CAN YOU PRONOUNCE WHAT GOES INTO WHAT YOU EAT?
APRIL 4, 2006

Have you ever read the label of your processed food? We have a rule in our family, if you can't pronounce it you can't eat it on a regular basis, and if you can't spell or pronounce it, you can not eat it at all. No one should be required to eat any ingredients that have so many letters that one word looks like a run on sentence. However, if you really want to stump spelling bee kids, look at the names of the chemicals we have allowed on our fruits and vegetables and introduce those words into their vocabulary.

Recently sales and distribution of several known food additive chemicals were cancelled by the big agri-business companies. I wonder why? If they were profitable they would not cancel them. If they are carcinogenic they would not admit it. If they did not work, that is the only reason I can see a company voluntarily removing a chemical they spent millions researching, registering and then promoting. However, the withdrawal is never over-night.

Here are six, each now cancelled: ethyl parathion used on barley, soybeans, corn, cotton and wheat; proponil on wheat, oats, barley; azinphos-methyl, molinate, and my favorite of all fenamiphos to be phased out by May 2007. In the article from which I excerpted this information, there was of course, the wonderful news that leftover product may be used through the 2009 growing season. In other words, we need to use it up to remain profitable even thought it may be an endocrine disrupter or a cancer producer.

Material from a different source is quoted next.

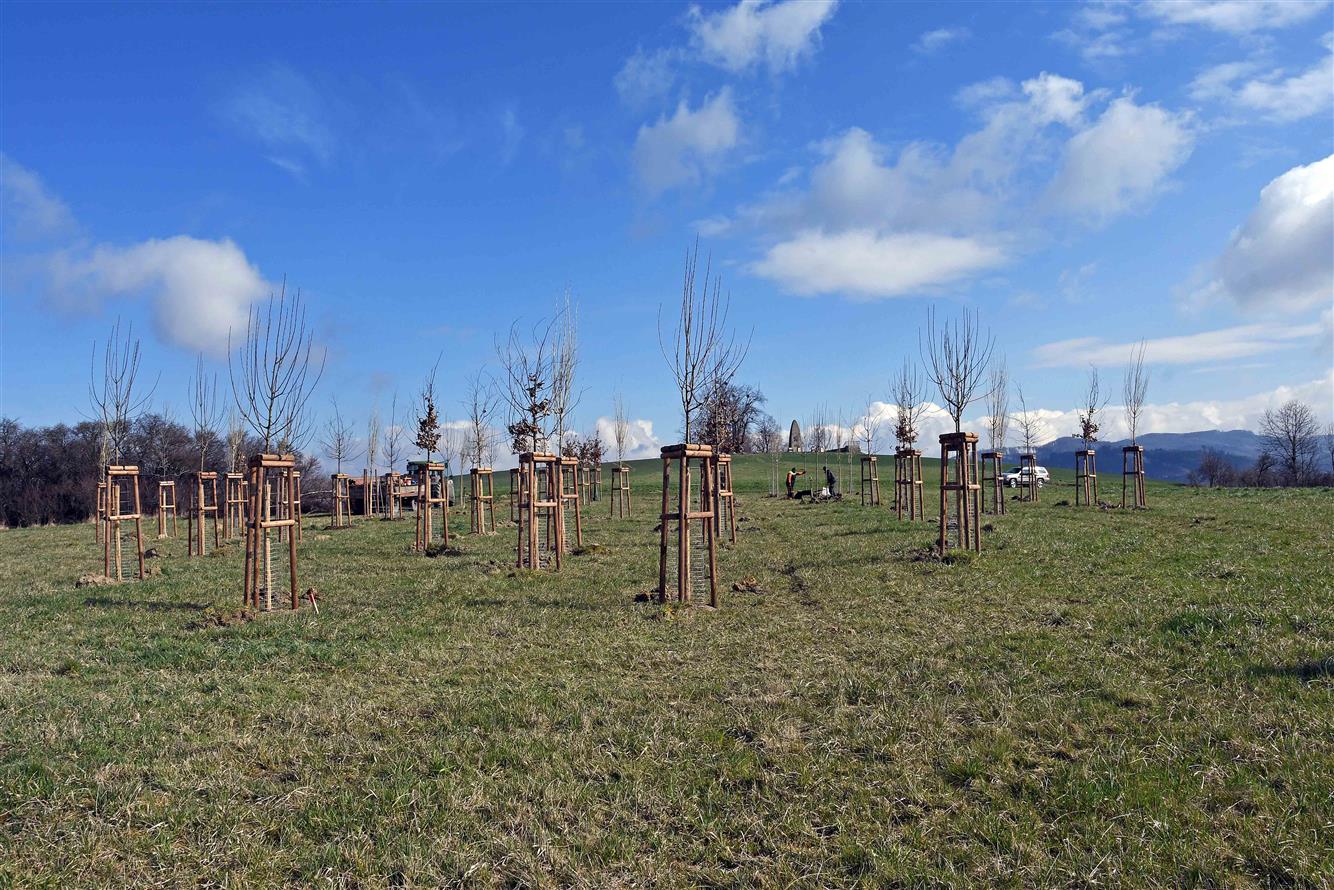 V těsné blízkosti památného vrchu Helštýn dokončuje v těchto dnech městská společnost Městské lesy a zeleň, s. r. o., výsadbu celkem 57 kusů stromů. Tyto společně vytvoří zelenou katedrálu podle návrhu umělce Jiřího Černického, která bude stěžejní součástí unikátní Florální oázy.

I am perplexed by the leaders of our industries who know that something is bad for one's long term health and yet they produce it and sell it in vast quantities. Maybe the panel of tobacco executives did not impact you, but the cover-up of the cigarette companies is matched by the chemical companies, and it is time to ask them to be held accountable for what they produce.

Only you, and maybe your friends, and possible your children, and assuredly the poor will suffer the consequences of their greed.